_Activity_. Reproduce the listing in full. Omit the pictures.

_Data provided_.

•••

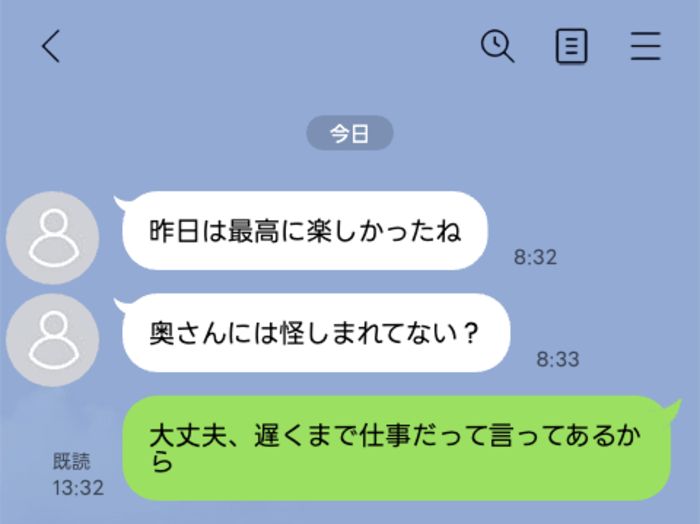 「昨日は最高に楽しかったね」「奥さんには怪しまれてない?」
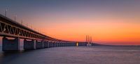Panorama van een zonsondergang bij de Oresund brug, gezien vanuit Malmö.
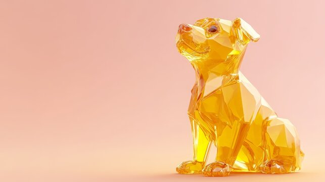 Geometric crystal dog sculpture with transparent amber glow on pink background
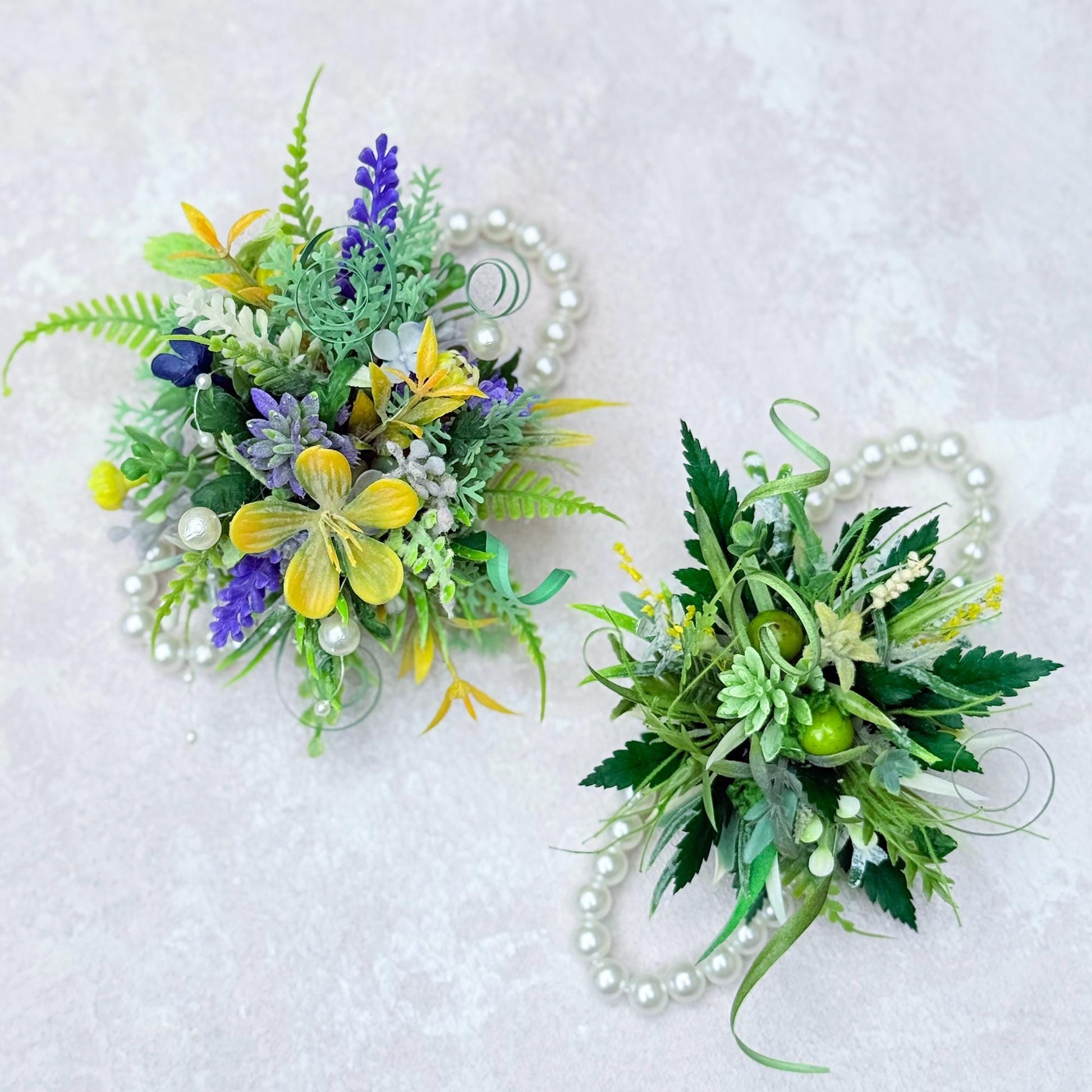 ❤ This rustic dark green corsages are made with dried-look wildflowers, faux pearl bracelet, and soft foliage in purple tones.
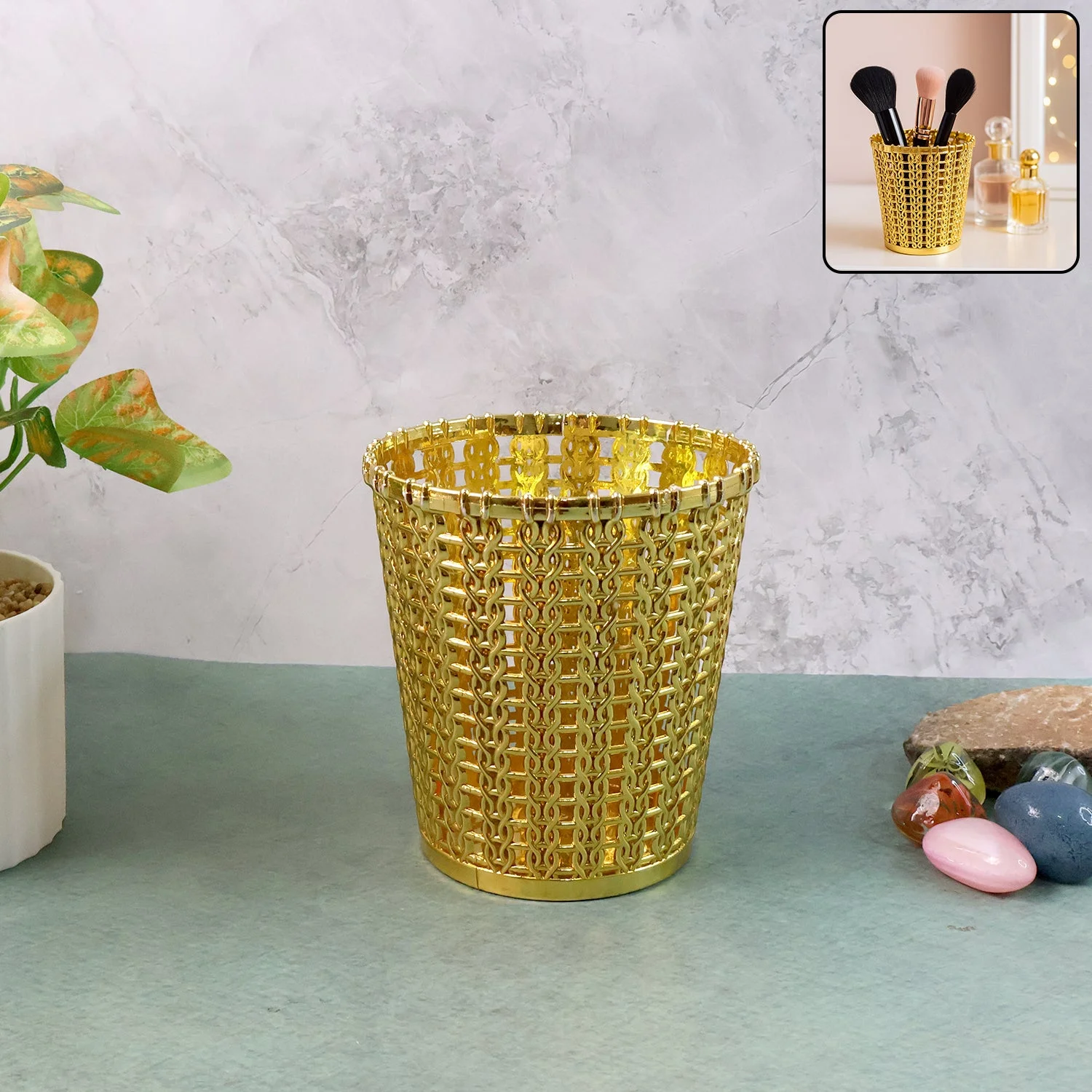 Add a touch of luxury and organization to your space with this exquisite Golden Decorative Holder. Crafted with intricate lattice-style detailing and a radiant gold finish, this versatile organizer doubles as a makeup brush holder, pen stand, or desktop storage cup. Its premium design elevates the look of your dressing table, vanity setup, or work desk while keeping your essentials neatly arranged. The sturdy structure ensures durability, while the open-top design allows easy access to brushes, pens, or accessories. Ideal for both decorative and functional use, this golden holder brings elegance and order to any environment.

•••

_Exercise response_.
 「昨日は最高に楽しかったね」「奥さんには怪しまれてない?」
Panorama van een zonsondergang bij de Oresund brug, gezien vanuit Malmö.
 Geometric crystal dog sculpture with transparent amber glow on pink background
 ❤ This rustic dark green corsages are made with dried-look wildflowers, faux pearl bracelet, and soft foliage in purple tones.
 Add a touch of luxury and organization to your space with this exquisite Golden Decorative Holder. Crafted with intricate lattice-style detailing and a radiant gold finish, this versatile organizer doubles as a makeup brush holder, pen stand, or desktop storage cup. Its premium design elevates the look of your dressing table, vanity setup, or work desk while keeping your essentials neatly arranged. The sturdy structure ensures durability, while the open-top design allows easy access to brushes, pens, or accessories. Ideal for both decorative and functional use, this golden holder brings elegance and order to any environment.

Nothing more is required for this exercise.